> **Task requirements**
Go through the listing and set it down exactly, leaving out its pictures.

> **Information shown**
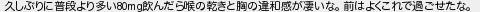 810: (オッペケ Sra3-Bu16) [sage] 2023/02/16(木) 11:21:11.83 ID:c1M+w1lJr 久しぶりに普段より多い80mg飲んだら喉の乾きと胸の違和感が凄いな。前はよくこれで過ごせたな。 http://mevius.5ch.net/test/read.cgi/utu/1666856428/810
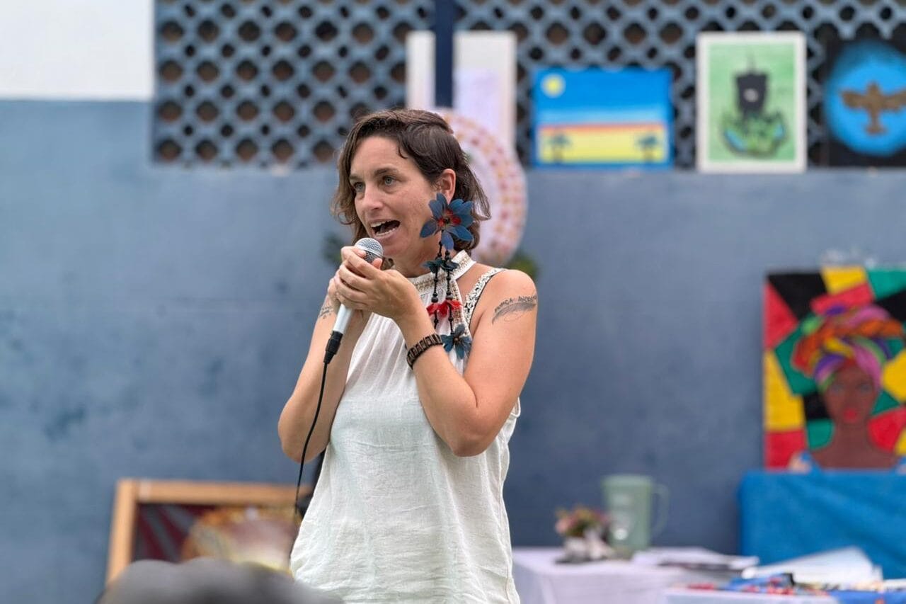 Um dos momentos mais marcantes da manhã foi a participação da poetisa ítalo-suíça Chiara Mari, artista, socióloga e arte-educadora. Dominando o português com naturalidade, Chiara compartilhou poesia e histórias que atravessam fronteiras.
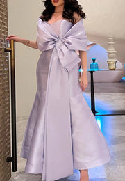 Off-Shoulder Sleeveless Bowknot Satin Evening Dress Mermaid Mother of Birde Dress simple gentle atmospheric and unique desi Bring summer colors to enhance whiteness

> **Solution to the exercise**
 810: (オッペケ Sra3-Bu16) [sage] 2023/02/16(木) 11:21:11.83 ID:c1M+w1lJr 久しぶりに普段より多い80mg飲んだら喉の乾きと胸の違和感が凄いな。前はよくこれで過ごせたな。 http://mevius.5ch.net/test/read.cgi/utu/1666856428/810
 Um dos momentos mais marcantes da manhã foi a participação da poetisa ítalo-suíça Chiara Mari, artista, socióloga e arte-educadora. Dominando o português com naturalidade, Chiara compartilhou poesia e histórias que atravessam fronteiras.
 Off-Shoulder Sleeveless Bowknot Satin Evening Dress Mermaid Mother of Birde Dress simple gentle atmospheric and unique desi Bring summer colors to enhance whiteness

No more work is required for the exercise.